2.2. High-Resolution Remote Sensing Data

Previous studies have generally focused on extracting large cultivated land parcels, which do not require high image resolution. Conversely, this study focused on the extraction of complex and fragmented small areas of planted fields, using high-resolution remote sensing images to enhance the precision of parcel extraction. This study utilized data from the Jilin-1 KF satellite in the Jilin-1 satellite series, which can obtain a panchromatic resolution of 0.75 m, a multispectral resolution of 3 m, and a swath width of over 136 km. The data were fused to obtain RGB remote sensing images with a spatial resolution of 1 m [52]. The images were subjected to essential preprocessing procedures, including relative radiometric correction and orthorectification.

2.3. Other Data

The NASA DEM [53] is a seamless digital elevation model with a resolution of about 30 m, generated using reprocessing SRTM data. The elevation and slope information calculated from the NASA DEM data was used as a basis for selecting cultivated areas with different topographical features. Additionally, the non-cultivated areas were masked using the land use data of Meishan City from December 2022. These land use data were created using satellite imagery with a resolution better than 1 m and underwent strict visual interpretation by experts, quality checks, and field verification, achieving an accuracy of over 95%.

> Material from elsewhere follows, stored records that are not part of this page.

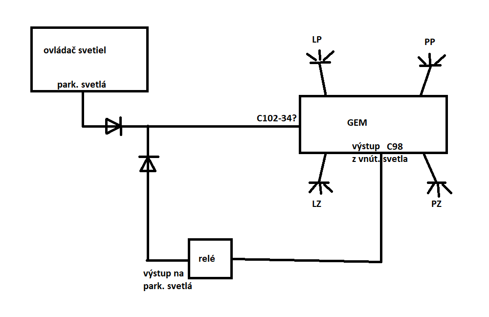 ZaQik, keby som chcel rozsvecovať parkovačky, mohol by som použiť nasledovné zapojenie? S tým, že nechcem prerušovať každý drát na svetlo, ale len jeden od vypínača svetiel: Prípadne dá sa to nejako zjednodušiť? Alebo chýba tam ešte niečo chýba? Chcem použiť SSR relé aby mi to necvakalo a chcel by som rozsvietiť predok aj zadok auta, nie len DRL. Rozsvecovanie skrz relé je len pre predstavu znázornené, viem že tam je viac drátov.ZaQik píše: 24.05.2017 05:16 pokud bys chtel rozsvecet predni i zadni obrysovky, tak bys musel prerusit 4 draty z GEMu (predni prava, predni leva, zadni prava a zadni leva), dat na ne diody a privest napeti pomoci rele (staci jedno) ... nevyhoda je, ze diody trocu snizuji napeti, takze obrysovky budou lehce min svitit a HLAVNE, jedna se o postupne stmivani, takze rele pri pohasinani bude hlucne cvakat (nutno ho poradne zabalit do izolace)
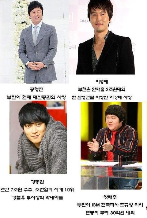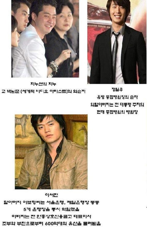 윤태영 (배우, 아버지 전 삼성전자 부회장 윤종용 당시 연봉 200억원, 탑 샐러리맨), 이종욱 (가수, 아버지 현대스위스저축은행 회장, 은행 자산 2조원), 이상엽 (배우, 할아버지 전 동국제강 회장 김정진), 유승찬 (가수, 아버지 동광그룹 회장, 재산 5천억원 대), 이필립 (배우, 아버지 STG그룹 회장, 미국 10대 유망 IT기업)
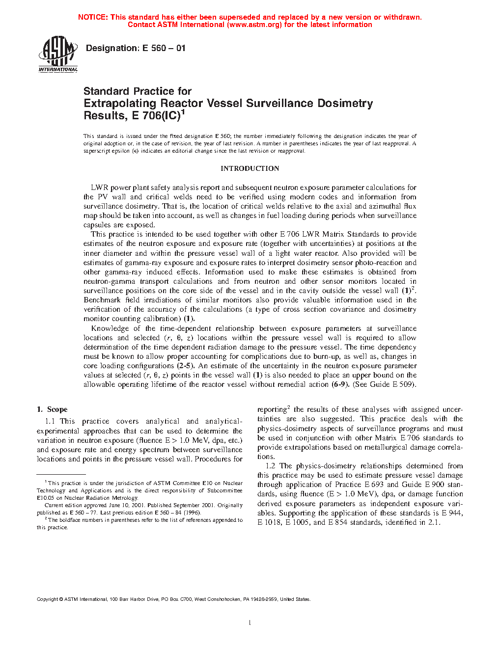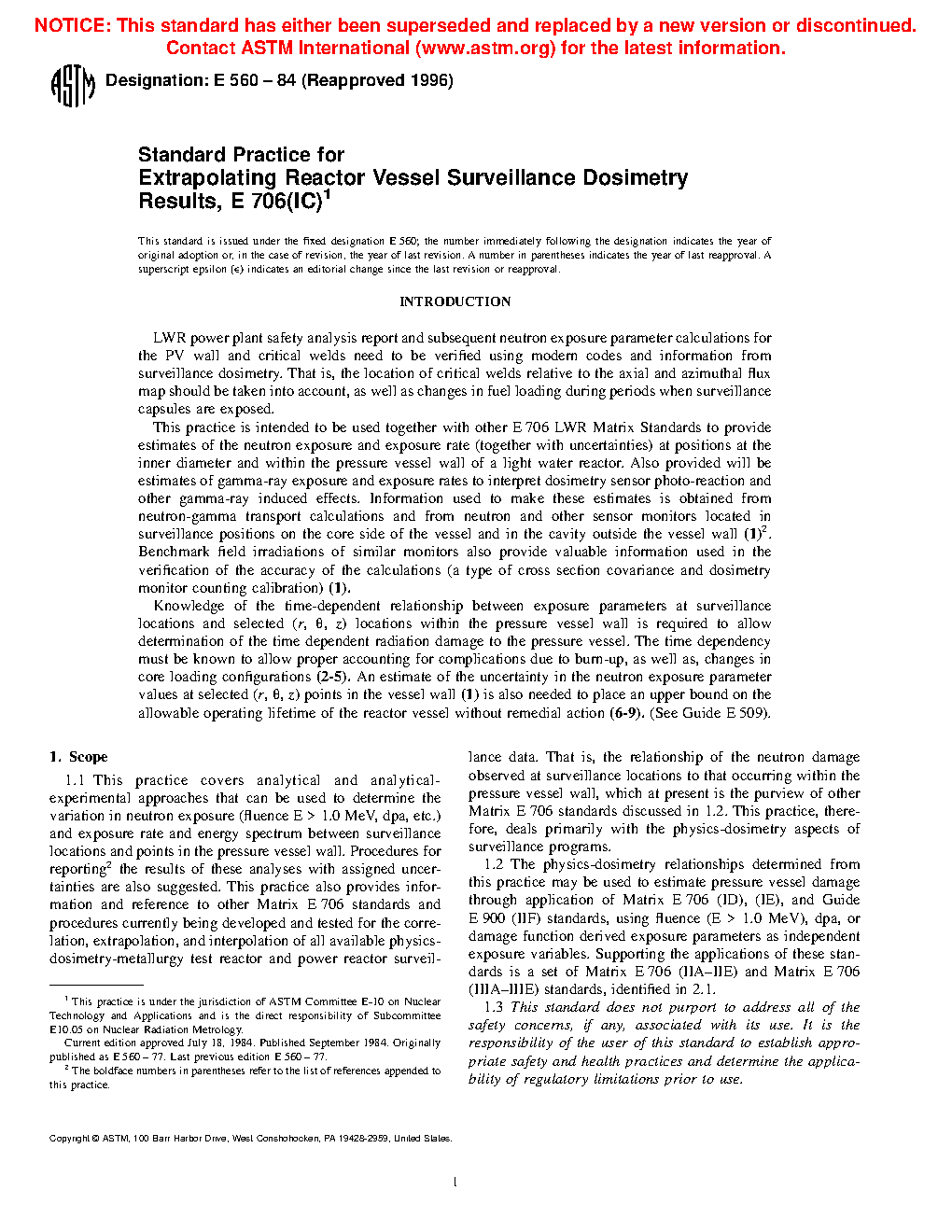 1.2 The physics-dosimetry relationships determined from this practice may be used to estimate pressure vessel damage through application of Practice E 693 and Guide E 900 standards, using fluence (E > 1.0 MeV), dpa, or damage function derived exposure parameters as independent exposure variables. Supporting the application of these standards is E 944, E 1018, E 1005, and E 854 standards, identified in 2.1.

3. Methods for Effective Cultivated Land Parcel Segmentation in Multiple Scenes

To verify the effectiveness and cross-region transferability of the SAM unsupervised segmentation combined with multi-scale segmentation for extracting cultivated land parcels, this study designed comparative experiments with different segmentation methods in various cultivated land scenarios using SAM segmentation. Figure 3 shows the overall workflow. Additionally, the SAM unsupervised segmentation in this experiment was conducted using the open-source Python package Segment-Geospatial (samgeo), version 0.10.2, which segments geospatial data using the Segment Anything Model [54]. The samgeo library currently supports the direct application of SAM segmentation to raster images, limited to 3-band 8-bit remote sensing images.

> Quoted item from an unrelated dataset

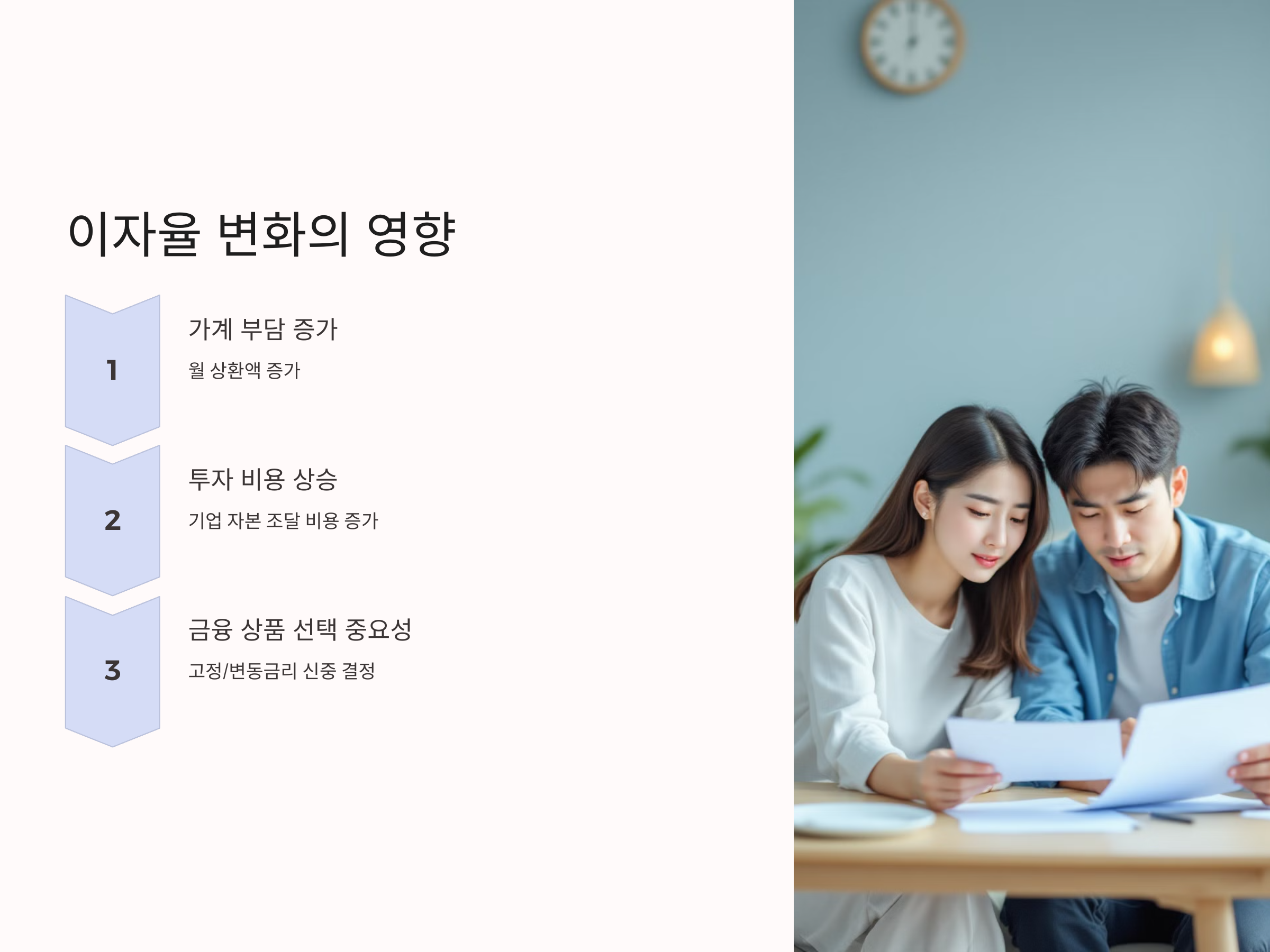 이자율의 변화는 대출자의 경제적 부담과 투자 계획에 큰 영향을 미칩니다.

3.1. Data Preprocessing for SAM Unsupervised Segmentation

SAM unsupervised segmentation segments objects in images through visual semantic segmentation, where the contrast differences between objects can influence the final segmentation results to some extent [55]. In the process of extracting complex cultivated land parcels, the SAM typically identifies the cultivated land as the foreground and the roads between the fields as the background. However, for low-contrast, complex, and fragmented cultivated land parcels, the SAM may mistakenly identify the area as the background, leading to under-segmentation. Therefore, it is necessary to preprocess high-resolution images with different linear stretching methods before performing SAM unsupervised segmentation and compare the segmentation results to select the most suitable stretching method for extracting cultivated land parcels.

3.2. Experiments on Effective Division of Different Cultivated Land Parcels

3.2.1. Comparative Experiment of SAM and Multi-Scale Segmentation

The experiment selected a cultivated land scene of approximately 7 km² to test the performance of the SAM-based segmentation method in extracting cultivated land parcels. The land parcels in the experimental area had diverse cultivation types and varying distributions, and there were many construction lands and roads interspersed between them, which caused the boundaries of many cultivated land parcels to be blurred and generated a large number of noise points during segmentation, thereby increasing the difficulty for the model to accurately extract cultivated land parcels. Additionally, cultivated land parcels were classified into five levels based on their area: parcels larger than 100 hectares are classified as extra-large parcels, 16 to 100 hectares as large parcels, 2.56 to 16 hectares as medium parcels, 0.64 to 2.56 hectares as small parcels, and those smaller than 0.64 hectares as very small parcels [56].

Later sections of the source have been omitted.